Some poaching of pandas still occurs, and even low levels of poaching can have grave consequences for such an endangered species. In recent years, several panda pelts being sold for large sums have been confiscated, but there is little information about the dynamics and dimensions of this market. Pandas are also unintentionally injured or killed in traps and snares set for other animals, such as musk deer and black bears.
WWF’s Work with Pandas
In 1979, WWF was invited by the Chinese government to collaborate in panda conservation, becoming the first international conservation organization to work in China. In 1980, Dr. George Schaller began the first-ever intensive research program on wild panda ecology and behavior, carried out for WWF in collaboration with Chinese scientists.
In 1997, WWF initiated a community-based conservation program in Pingwu County, Sichuan Province, home to the largest concentration of pandas in China. The program teaches local people how to protect panda habitat without compromising their economic livelihood, by training them in sustainable logging methods, introducing new income-generating activities like ecotourism and raising local awareness about conservation.

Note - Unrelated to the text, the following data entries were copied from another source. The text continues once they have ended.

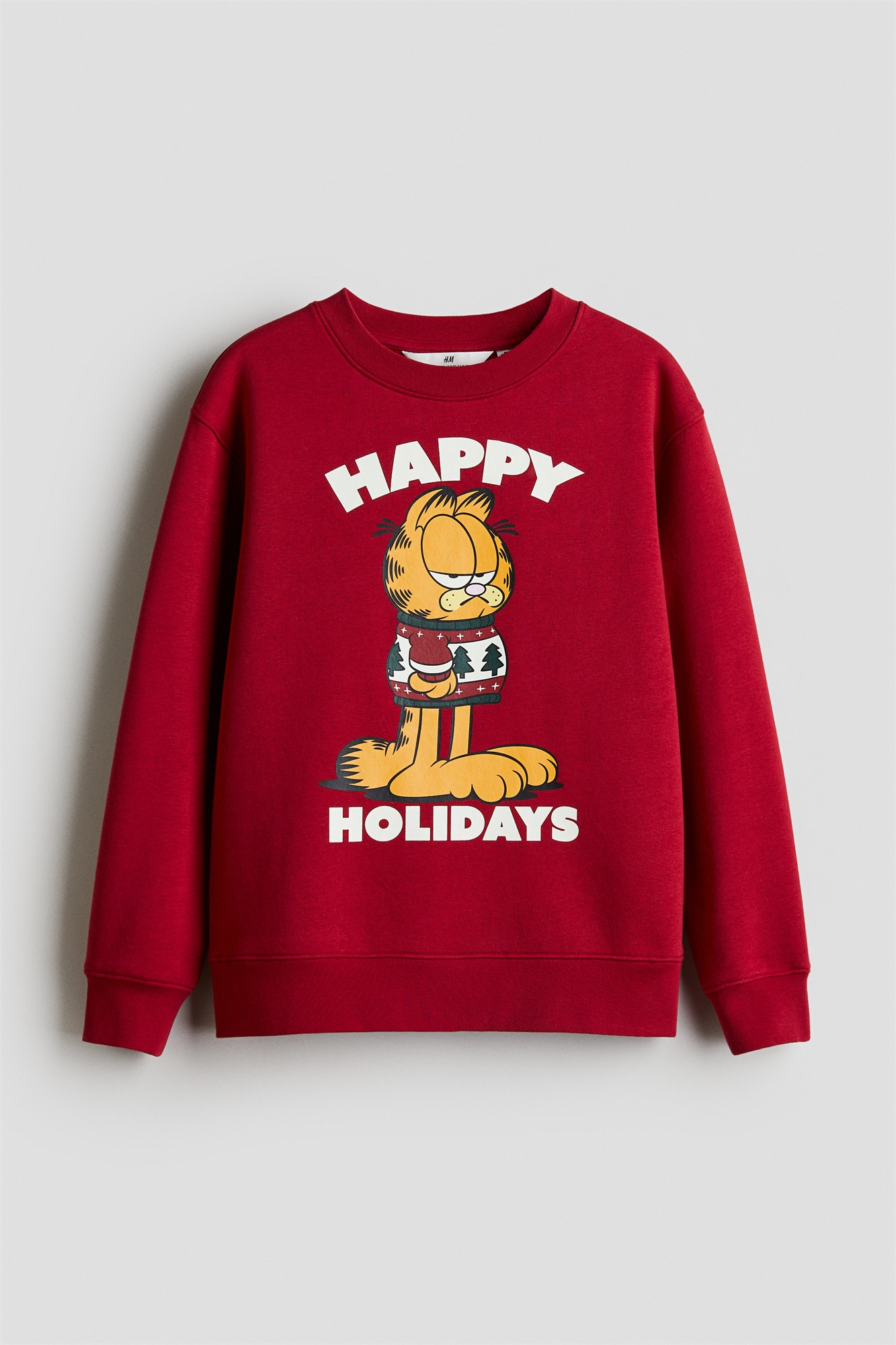 Топ из принтованной толстовки с мягким начесом внутри. Свободный крой с круглым вырезом в рубчик, спущенные плечи, длинные рукава, манжеты и подол в рубчик.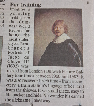 This was stolen from London's Dulwich Picture Gallery 4 times between 1966 and 1983.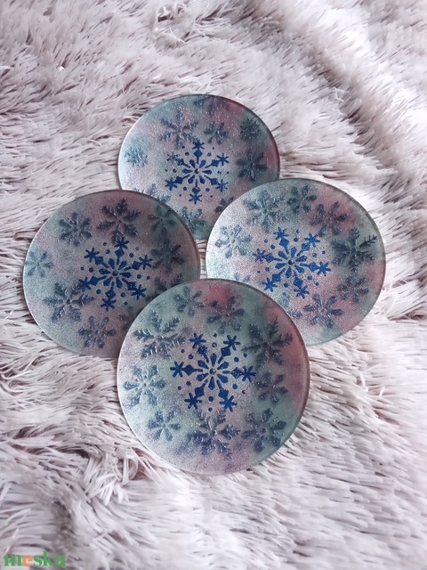 Kék-ezüst mécsestartó szett - egyedi festett üveg mésestartó tálka 4db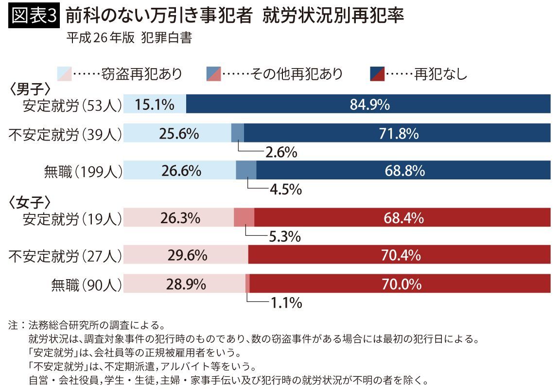 前科のない万引き事犯者 就労状況別再犯率(2014年度版犯罪白書より)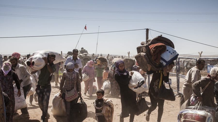 Syrian Kurdish refugees cross into Turkey from Syria near the northern town of Kobane last year.
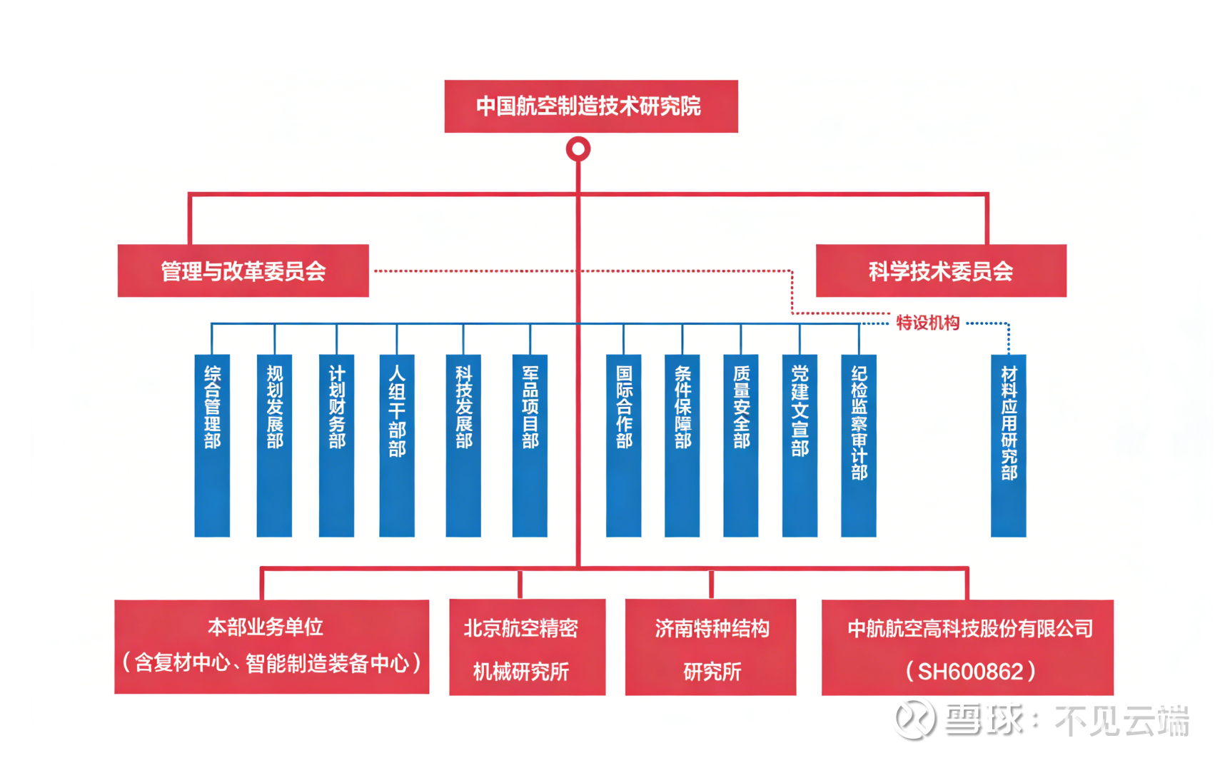 中航系旗下拥有数家A股上市公司,它们覆盖了航空工业全产业链,并在各自细分领域承担着关键的战略角色。中航高科由中航集团直接控股,并且由神秘单位中国航空制造技术研究院参股。具体架构如下: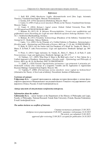 7. Ладов В.А. О принципе единого решения парадоксов // Эпистемология и философия науки. 2023. Т. 60, № 3. С. 17-30. DOI: 10.5840/202360336 EDN: IKXANR
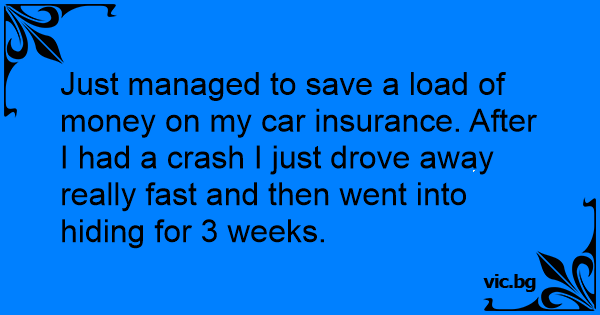 Just managed to save a load of money on my car insurance. After I had a crash I just drove away really fast and then went into hiding for 3 weeks.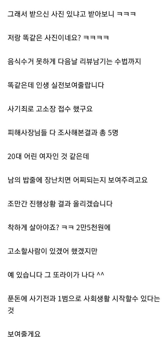 [스압] 배민 허위 리뷰로 고소당한 20대 여성,,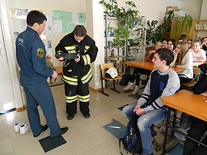 Особый интерес у ребят вызвала одежда современного пожарного,предназначенная для защиты тела от опасных и вредных факторов окружающей среды, возникающих при тушении пожаров и проведении аварийно-спасательных работ. Самому смелому молодому человеку посчастливилось примерить на себя полное обмундирование и продемонстрировать его для учеников своей школы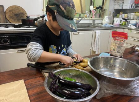 昼食 | もりのこえんの畑で収穫したお野菜で作った昼食を食べます。 |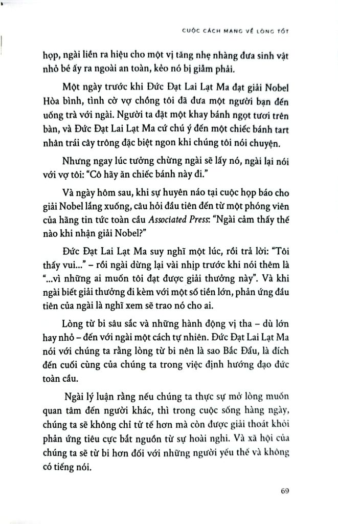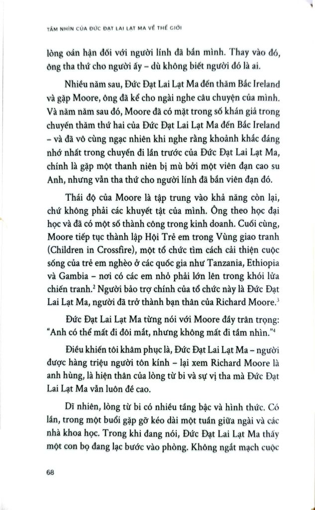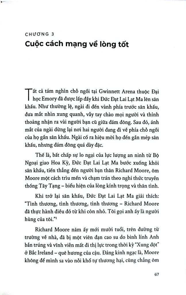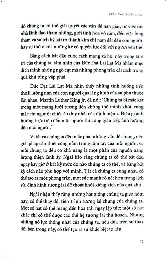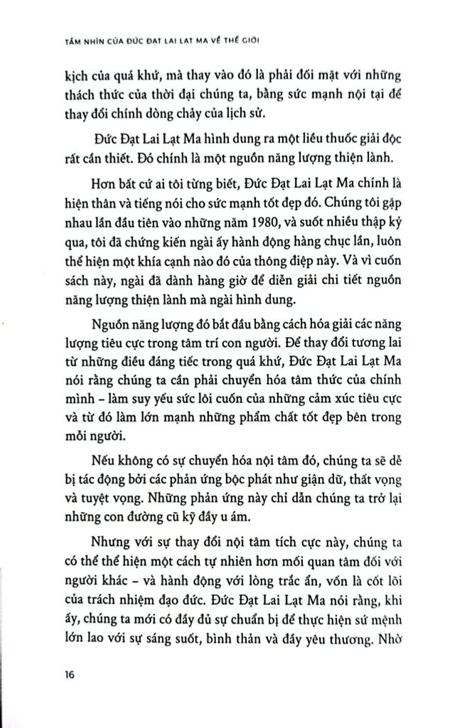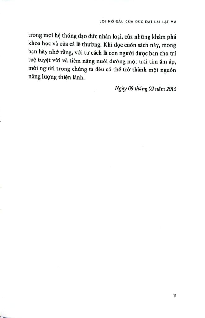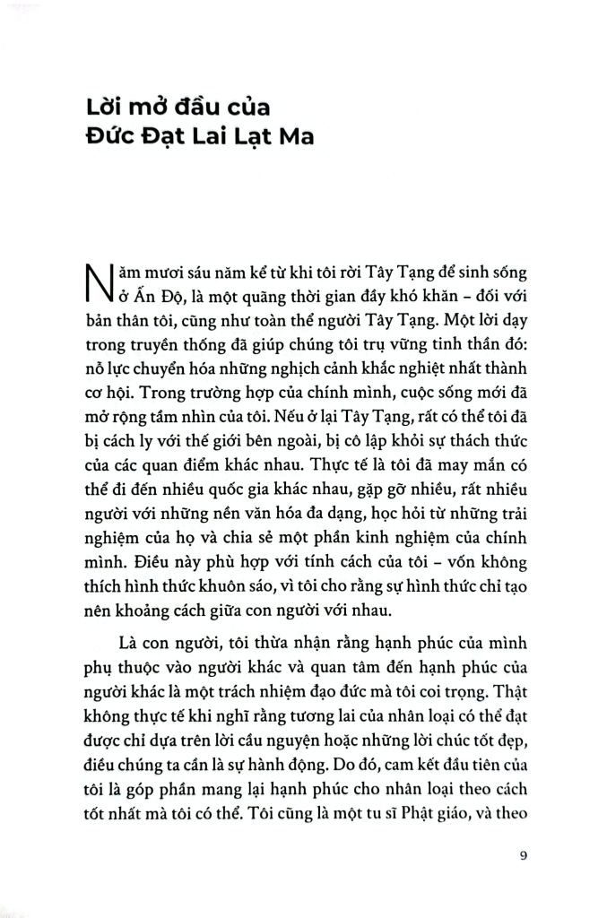 Tôi tin rằng mục tiêu về một thế giới hòa bình hơn, nơi con người sống hạnh phúc, yêu thương và hỗ trợ lẫn nhau trọn vẹn hơn là điều chúng ta có thể đạt được. Nhưng chúng ta phải xem xét mục tiêu này với tư duy rộng mở và tầm nhìn dài hạn. Sự thay đổi trong chính chúng ta và trong thế giới mà chúng ta đang sống có thể không xảy ra ngay lập tức mà cần có thời gian. Nhưng nếu chúng ta không nỗ lực thì sẽ chẳng có điều gì xảy ra. Điều quan trọng nhất mà tôi hy vọng độc giả sẽ hiểu được, đó là sự thay đổi như vậy sẽ không xảy ra nhờ vào các quyết định của chính phủ hoặc Liên Hợp Quốc. Thay đổi thực sự sẽ chỉ diễn ra khi mỗi cá nhân tự chuyển hóa chính mình dưới sự dẫn dắt của các giá trị cốt lõi trong mọi hệ thống đạo đức nhân loại, của những khám phá khoa học và của cả lẽ thường. Khi đọc cuốn sách này, mong bạn hãy nhớ rằng, với tư cách là con người được ban cho trí tuệ tuyệt vời và tiềm năng nuôi dưỡng một trái tim ấm áp, mỗi người trong chúng ta đều có thể trở thành một nguồn năng lượng thiện lành.”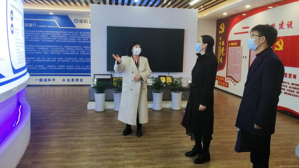 3月23日上午,在西咸新区沣西新城西部云谷创业园区西安迪科数金智能科技有限公司参观调研时,该公司人事经理潘冰华首先介绍了公司概况,并带领党委副书记张琴一行参观了西部云谷创业园、公司文化展厅、业务大厅、工作室、员工宿舍和餐厅等。在随后的座谈会上,该公司总经理田志卿对公司的用人需求、工作模式、薪资待遇、升职空间等进行了介绍,并表示积极参加我校毕业生招聘会,为其公司招聘人才;党委副书记张琴介绍了我校的基本办学、专业设置、人才培养等情况,希望公司能为我校大数据与会计、计算机等专业毕业生提供良好就业岗位,并表示愿为公司提供场地并与公司开展校企联合办学等深层次长期性合作。
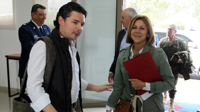 La ministra de Defensa de España, María Dolores de Cospedal (d), es recibida por el viceministro de defensa de Colombia, Anibal Fernández de Soto (i),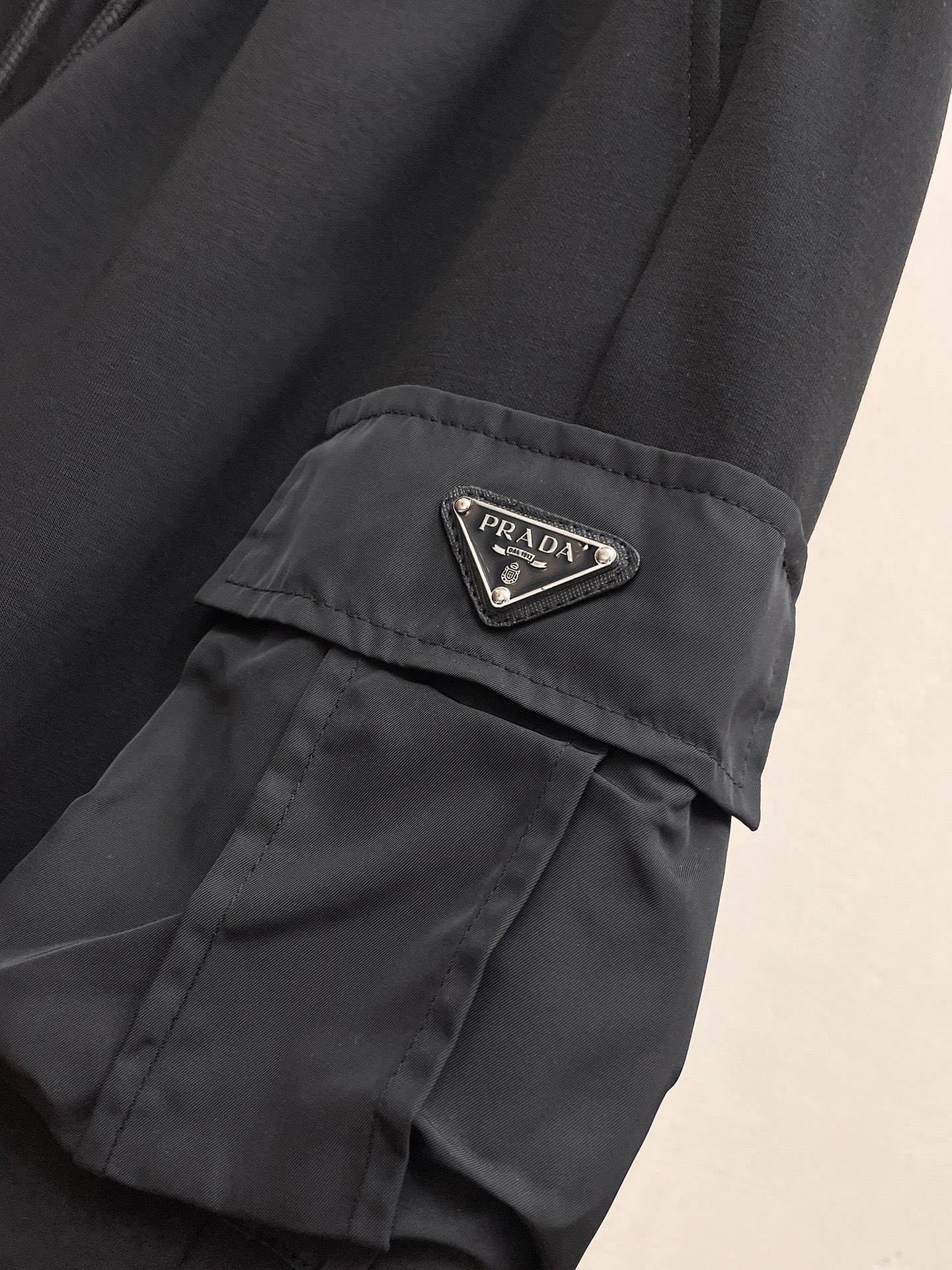 这款衣服是AAAAA 1:1 质量 (非常棒). 使用了和原版一模一样的材料. 商标部分也保持了和普拉达/Prada一样. 图片拍摄是实物衣服拍摄, 您所收到的实物保证和我们图片一模一样.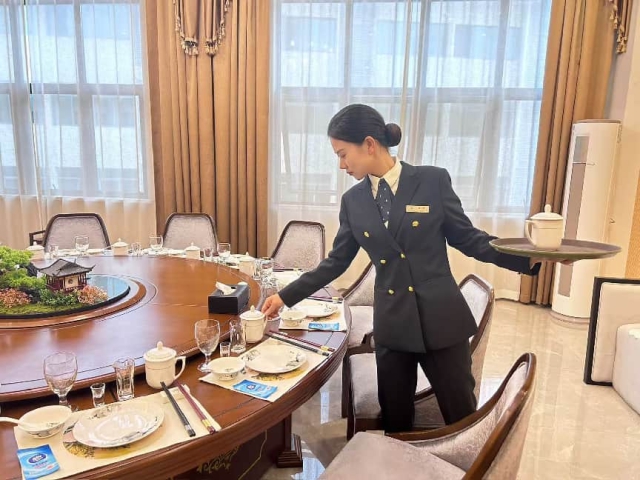 酒店公司金牌服務(wù)隊(duì)貼心管家正在準(zhǔn)備餐具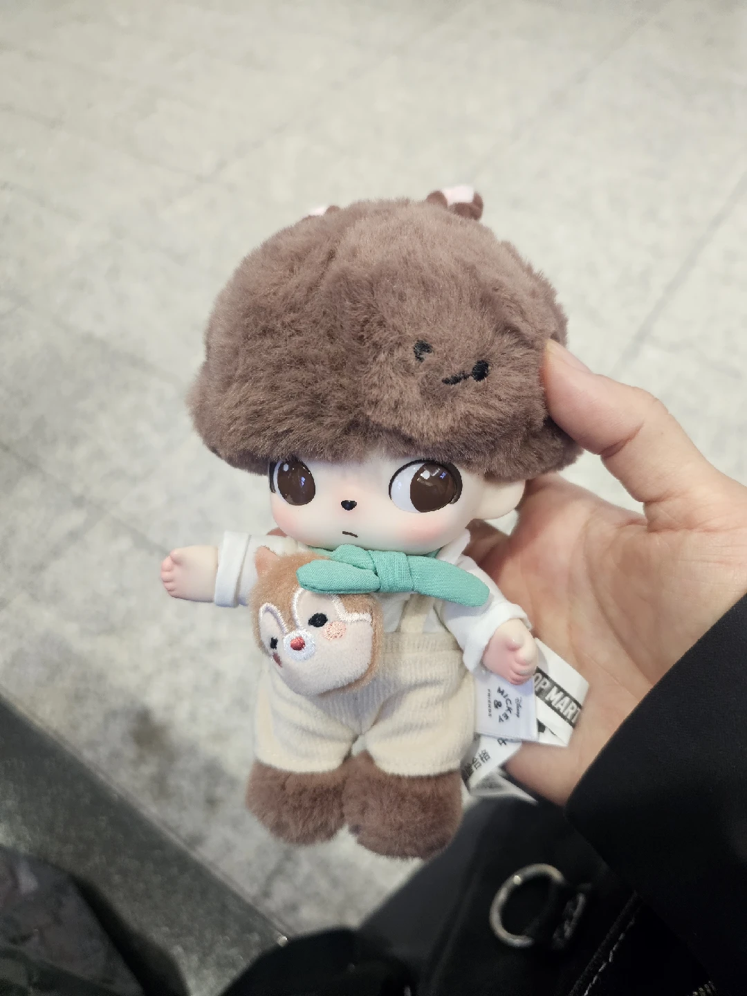 The plush is brown and beige with a little green scarf and a squirrel pouch.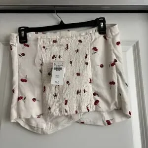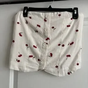 NWT Abercrombie & Fitch Strapless Cropped Tailored Vest Top Cherry Print M

In the past six years, WWF has trained more than 300 panda reserve staff and local government officials in nature reserve management, wildlife monitoring, anti-poaching patrolling and innovative community-based conservation approaches.
One of the major milestones of the first decade of cooperation between WWF and China’s State Forestry Administration was the creation of the "National Conservation Management Plan for the Giant Panda and Its Habitat" in 1992. The plan called for additional nature reserves, improvements in existing reserves and migratory corridors to reconnect isolated populations. By the end of 2003, the Chinese government had established 40 panda reserves, protecting 1,040,000 ha and about 45% of the total giant panda habitat.